I have a little space between the fan and the condenser. No brace. I have a Jule Frame and it doesn’t need it.
 
i just did a flush on mine. my radiator was good but i was not sure i got all the crud out of my engine when i put it together. i used the prestone one because it is supposed to desolve the rust... which is what i worried might still be in the engine.

first thing is how to get rid of the old coolant? lots of places to recycle oil but not many to recycle coolant. i ended up taking it in town to a toilet and flushing it since that water is all treated.

i wanted to work this fluid thru the system for a few days. instead of dumping in and using the engine, i decided to pump it thru. i removed the thermostat. then put the cover back on. nect i connected the top hose where it would go on the radiator to a pvc pipe. then clamped another hose on the top of the radiator. connected both thru pvc fittings to garden hoses. put one garden hose in the bucket and then put a sump pump in the same bucket and attached the other hose. allowed me to recirculate the fluids thru. the hose i had come back in to the bucket i ran thru a funnel with a screen on it to catch any crud. also set the sump pump up on a block of wood to keep it off the bottom of the bucket.
then when i was done i connected the top garden hose to the spigot and ran the bottom hose out in the yard. turned the water on and let it run for a while to flush out any left over cleaner. you have to be careful how much water you let run in the radiator. it can not take full house pressure.

after you flush a while, then open up the drain tap on the radiator and drain it. when i went to fill it back up, i filled the engine first thru the thermostat housing until it was up to the thermostat. then the rest of the way thru the radiator. also drilled a hole in the thermostat cap to let air thru and checked it in a pan of hot water to be sure it was opening properly.

yup all the work and got hardly any crud out of it. so i guess i did it for piece of mind.
IMG_0378.jpg
and if you do it this way, put a valve on the return hose. even if you shut off the pump, it will still drain from the engine and run all over the floor once the bucket is full. i would come out a couple of times a day and run it for 15 minutes. did that for 3 days.
 
Drone Dog wrote: "...you have to be careful how much water you let run in the radiator. it can not take full house pressure."

Good point. My radiator guy said to be careful of the heater core. That can be the weak point. Might be a good idea to jump the heater hoses for the backflush.

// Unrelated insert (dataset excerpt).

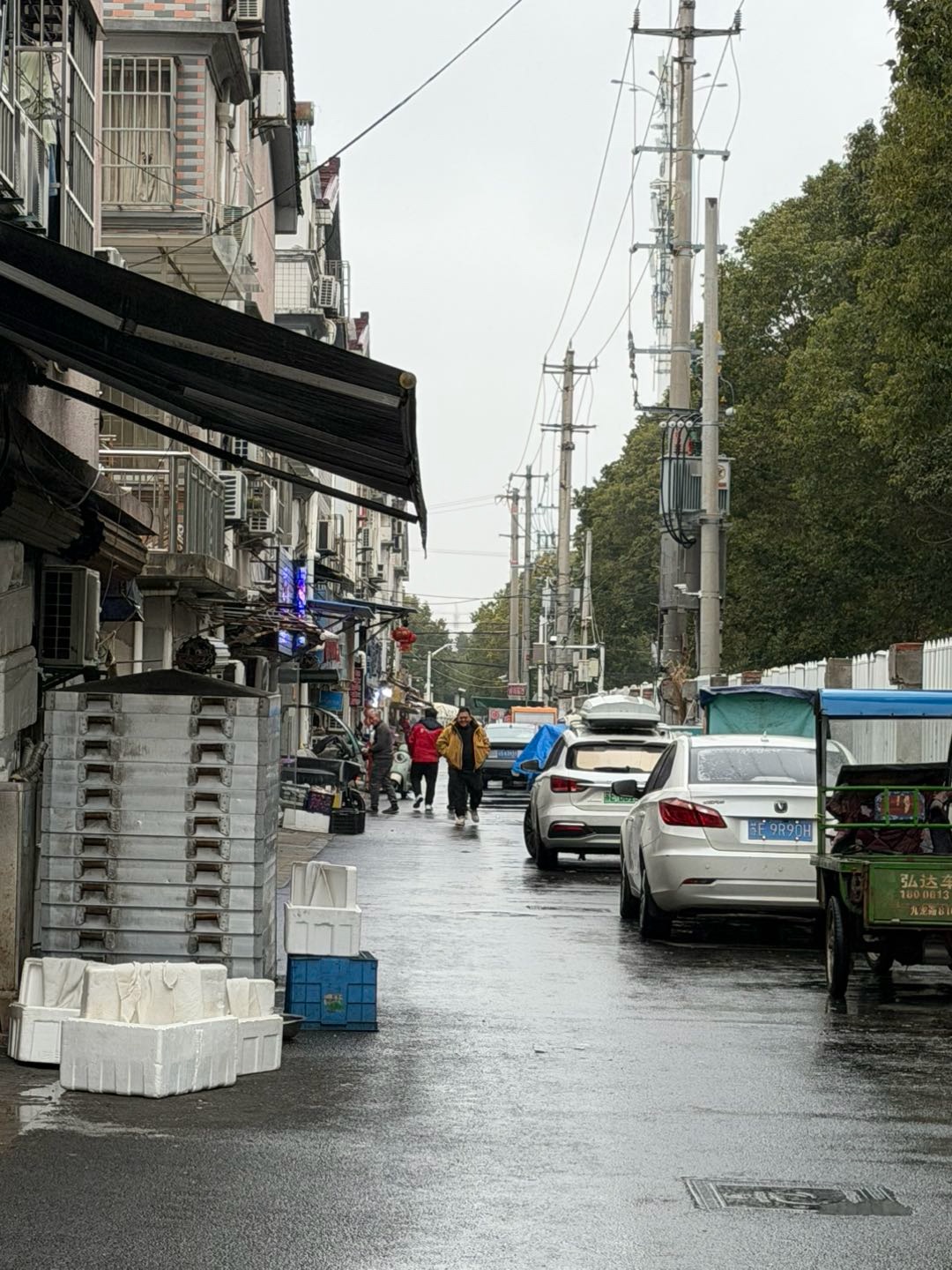 一边商铺外摆严重,另一边还要停汽车,有些车又不能规范停车导致出入困难

I did mine with this simple setup using a stocking for a filter:

BackFlushSetup.jpg


Results - rust flakes and WaterWetter muck:

CoolantFlushResults.JPG


After that, for a while I ran the Tefba cooling system filer (from eBay). Removed it later when it was done trapping the few bits left after the backflush.

CoolantFilter.jpg
 
I forgot to mention that I had a larger core put in the radiator in 2007 and while doing a frameup restoration, which was finished in 2013 I had the radiator cleaned out by a radiator shop. I seem to recall that there was a cleaning solution and then a neutralizing solution several years ago?
I have all new hoses, thermostat, etc.
thanks

This update is pretty important. So you are not fighting 40 years of crud, you are just trying to get up to date from the last time you personally performed a flush. I would just drain the old stuff, fill with water and use a mild commercial flush agent and drain it again. Maybe do a fresh water flush after that and then fill with 50/50 mix.